Re: [HACKERS] Parallel tuplesort (for parallel B-Tree index creation) - Mailing list pgsql-hackers

From Peter Geoghegan
Subject Re: [HACKERS] Parallel tuplesort (for parallel B-Tree index creation)
Date
Msg-id CAH2-WzmafkfBGJ3Euk6+qr8U5UcRFX9eiC9LaMSWTQ+YYC=oUA@mail.gmail.com
Whole thread Raw
In response to Re: [HACKERS] Parallel tuplesort (for parallel B-Tree index creation)  (Robert Haas <robertmhaas@gmail.com>)
Responses Re: [HACKERS] Parallel tuplesort (for parallel B-Tree index creation)
List pgsql-hackers
On Wed, Jan 10, 2018 at 10:45 AM, Robert Haas <robertmhaas@gmail.com> wrote:
> The addition to README.parallel is basically wrong, because workers
> have been allowed to write WAL since the ParallelContext machinery.
> See the
> XactLastRecEnd handling in parallel.c.  Workers can, for example, due
> HOT cleanups during SELECT scans, just as the leader can.  The
> language here is obsolete anyway in light of commit
> e9baa5e9fa147e00a2466ab2c40eb99c8a700824, but this isn't the right way
> to update it.  I'll propose a separate patch for that.

WFM.

> The change to the ParallelContext signature in parallel.h makes an
> already-overlength line even longer.  A line break seems warranted
> just after the first argument, plus pgindent afterward.

Okay.

> I am not a fan of the leader-as-worker terminology.  The leader is not
> a worker, full stop.  I think we should instead talk about whether the
> leader participates (so, ii_LeaderAsWorker -> ii_LeaderParticipates,
> for example, plus many comment updates).  Similarly, it seems
> SortCoordinateData's nLaunched should be nParticipants, and BTLeader's
> nworkertuplesorts should be nparticipanttuplesorts.

Okay.

> There is also the question of whether we want to respect
> parallel_leader_participation in this context.  The issues which might
> motivate the desire for such behavior in the context of a query do not
> exist when creating a btree index, so maybe we're just making this
> complicated. On the other hand, if some other type of parallel index
> build does end up doing a Gather-like operation then we might regret
> deciding that parallel_leader_participation doesn't apply to index
> builds, so maybe it's OK the way we have it.  On the third hand, the
> complexity of having the leader maybe-participate seems like it
> extends to a fair number of places in the code, and getting rid of all
> that complexity seems appealing.

I only added support for the leader-as-worker case because I assumed
that it was important to have CREATE INDEX process allocation work
"analogously" to parallel query, even though it's clear that the two
situations are not really completely comparable when you dig deep
enough. Getting rid of the leader participating as a worker has
theoretical downsides, but real practical upsides. I am also tempted
to just get rid of it.

> One place where this actually causes a problem is the message changes
> to index_build().  The revised ereport() violates translatability
> guidelines, which require that messages not be assembled from pieces.
> See https://www.postgresql.org/docs/devel/static/nls-programmer.html#NLS-GUIDELINES

Noted. Another place where a worker Tuplesortstate in the leader
process causes problems is plan_create_index_workers(), especially
because of things like force_parallel_mode and
parallel_leader_participation.

> A comment added to tuplesort.h says that work_mem should be at least
> 64KB, but does not give any reason.  I think one should be given, at
> least briefly, so that someone looking at these comments in the future
> can, for example, figure out whether the comment is still correct
> after future code changes.  Or else, remove the comment.
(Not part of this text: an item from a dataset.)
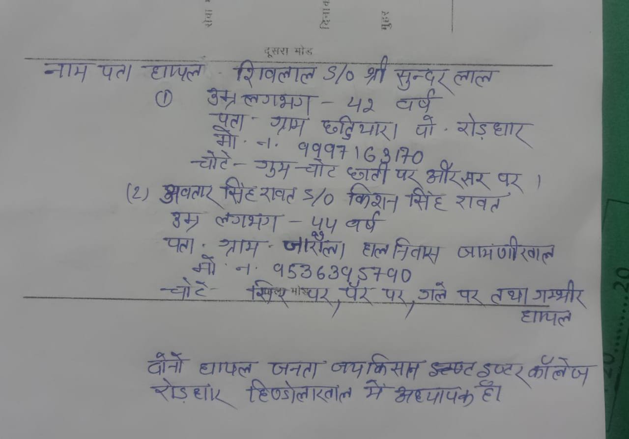 जानकारी के अनुसार, बुधवार सांय को थाना हिंडोलाखाल क्षेत्र अंतर्गत छडियारा रोड जामणीखाल के पास एक अल्टो मारुति कार अनियंत्रित होकर लगभग 200 मीटर खाई में गिर गई, जिसमें 2 व्यक्ति सवार थे, जो घायल हुए। दोनों व्यक्तियों को उपचार हेतु अस्पताल भिजवाया गया है। जानकारी के मुताबिक दोनों व्यक्ति जनता जयकिसान इंटर कॉलेज रोड़धार हिंडोलाखाल में अध्यापक हैं।

The reason for needing to do this is that a naive division of
work_mem/maintenance_work_mem within a caller like nbtsort.c, could,
in general, result in a workMem that is as low as 0 (due to integer
truncation of the result of a division). Clearly *that* is too low. In
fact, we need at least enough memory to store the initial minimal
memtuples array, which needs to respect ALLOCSET_SEPARATE_THRESHOLD.
There is also the matter of having per-tape space for
TAPE_BUFFER_OVERHEAD when we spill to disk (note also the special case
for pass-by-value datum sorts low on memory). There have been a couple
of unavoidable OOM bugs in tuplesort over the years already.

How about I remove the comment, but have tuplesort_begin_common()
force each Tuplesortstate to have workMem that is at least 64KB
(minimum legal work_mem value) in all cases? We can just formalize the
existing assumption that workMem cannot go below 64KB, really, and it
isn't reasonably to use so little workMem within a parallel worker (it
should be prevented by plan_create_index_workers() in the real world,
where parallelism is never artificially forced).

There is no need to make this complicated by worrying about whether or
not 64KB is the true minimum (value that avoids "can't happen"
errors), IMV.

> + * Parallel sort callers are required to coordinate multiple tuplesort states
> + * in a leader process, and one or more worker processes.  The leader process
>
> I think the comma should be removed.  As written it, it looks like we
> are coordinating multiple tuplesort states in a leader process, and,
> separately, we are coordinating one or more worker processes.

Okay.

> Generally, I think the comments in tuplesort.h are excellent.

Thanks.

> I really like the overview of how the new interfaces should be used,
> although I find it slightly wonky that the leader needs two separate
> Tuplesortstates if it wants to participate.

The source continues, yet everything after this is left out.